**Exercise description**
The answer is a stretch of the material below, returned exactly: the line containing "方直集团领导上台为雄狮点睛。", the line containing "Kandidáti ve volbách", and all lines between.

--- Data for processing Enclosed Below ---

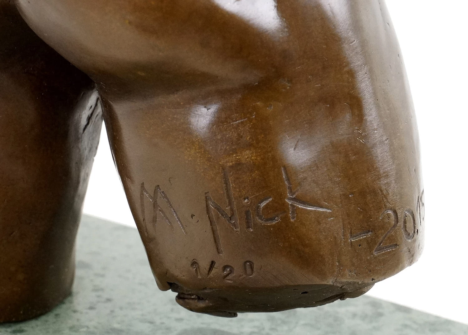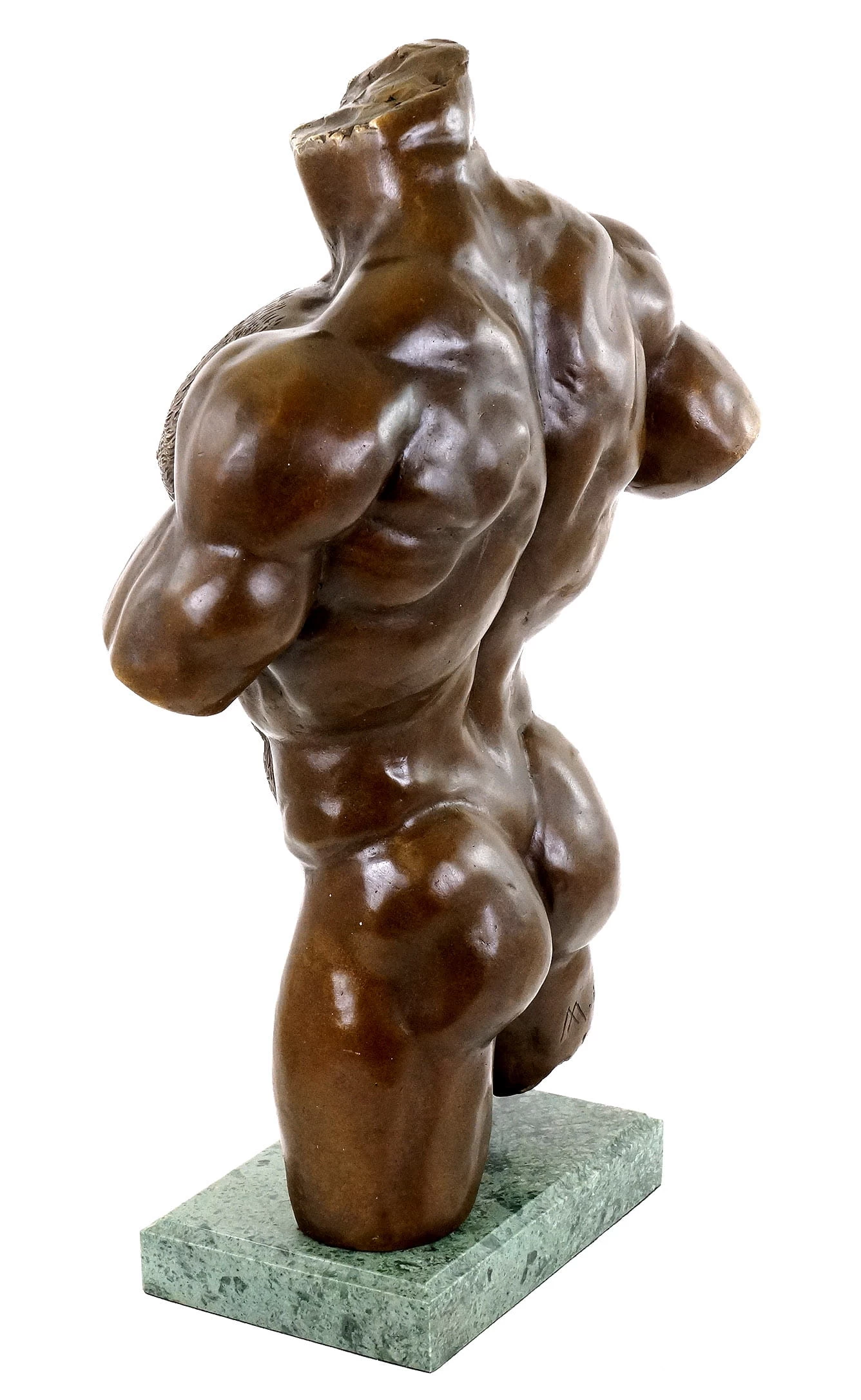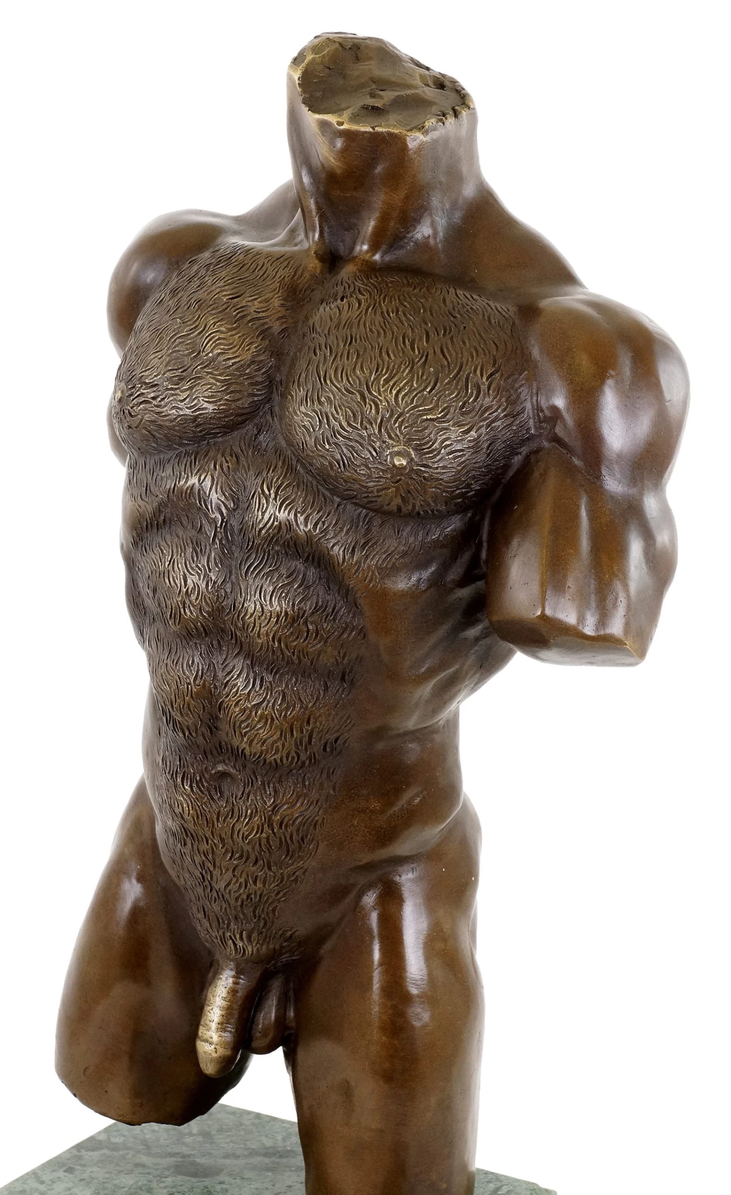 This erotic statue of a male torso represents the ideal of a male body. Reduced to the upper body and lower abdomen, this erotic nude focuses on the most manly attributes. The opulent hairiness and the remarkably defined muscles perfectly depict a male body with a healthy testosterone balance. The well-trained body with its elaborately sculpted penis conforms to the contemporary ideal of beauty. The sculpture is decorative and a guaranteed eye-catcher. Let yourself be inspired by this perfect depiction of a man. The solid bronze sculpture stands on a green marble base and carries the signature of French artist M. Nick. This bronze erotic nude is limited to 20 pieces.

--- End of Enclosed Data for processing ---
--- Data for processing Enclosed Below ---

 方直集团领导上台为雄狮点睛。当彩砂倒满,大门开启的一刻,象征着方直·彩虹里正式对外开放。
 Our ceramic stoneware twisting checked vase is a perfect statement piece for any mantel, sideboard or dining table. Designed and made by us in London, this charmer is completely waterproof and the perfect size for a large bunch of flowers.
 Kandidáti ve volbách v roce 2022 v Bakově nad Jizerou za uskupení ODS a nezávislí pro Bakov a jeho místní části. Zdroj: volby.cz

--- End of Enclosed Data for processing ---
--- Data for processing Enclosed Below ---

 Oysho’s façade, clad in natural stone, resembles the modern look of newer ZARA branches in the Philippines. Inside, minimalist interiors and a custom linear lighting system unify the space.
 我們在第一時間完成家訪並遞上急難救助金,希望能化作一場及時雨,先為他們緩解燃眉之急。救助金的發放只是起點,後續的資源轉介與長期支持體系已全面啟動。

--- End of Enclosed Data for processing ---

**Exercise response**
 方直集团领导上台为雄狮点睛。当彩砂倒满,大门开启的一刻,象征着方直·彩虹里正式对外开放。
 Our ceramic stoneware twisting checked vase is a perfect statement piece for any mantel, sideboard or dining table. Designed and made by us in London, this charmer is completely waterproof and the perfect size for a large bunch of flowers.
 Kandidáti ve volbách v roce 2022 v Bakově nad Jizerou za uskupení ODS a nezávislí pro Bakov a jeho místní části. Zdroj: volby.cz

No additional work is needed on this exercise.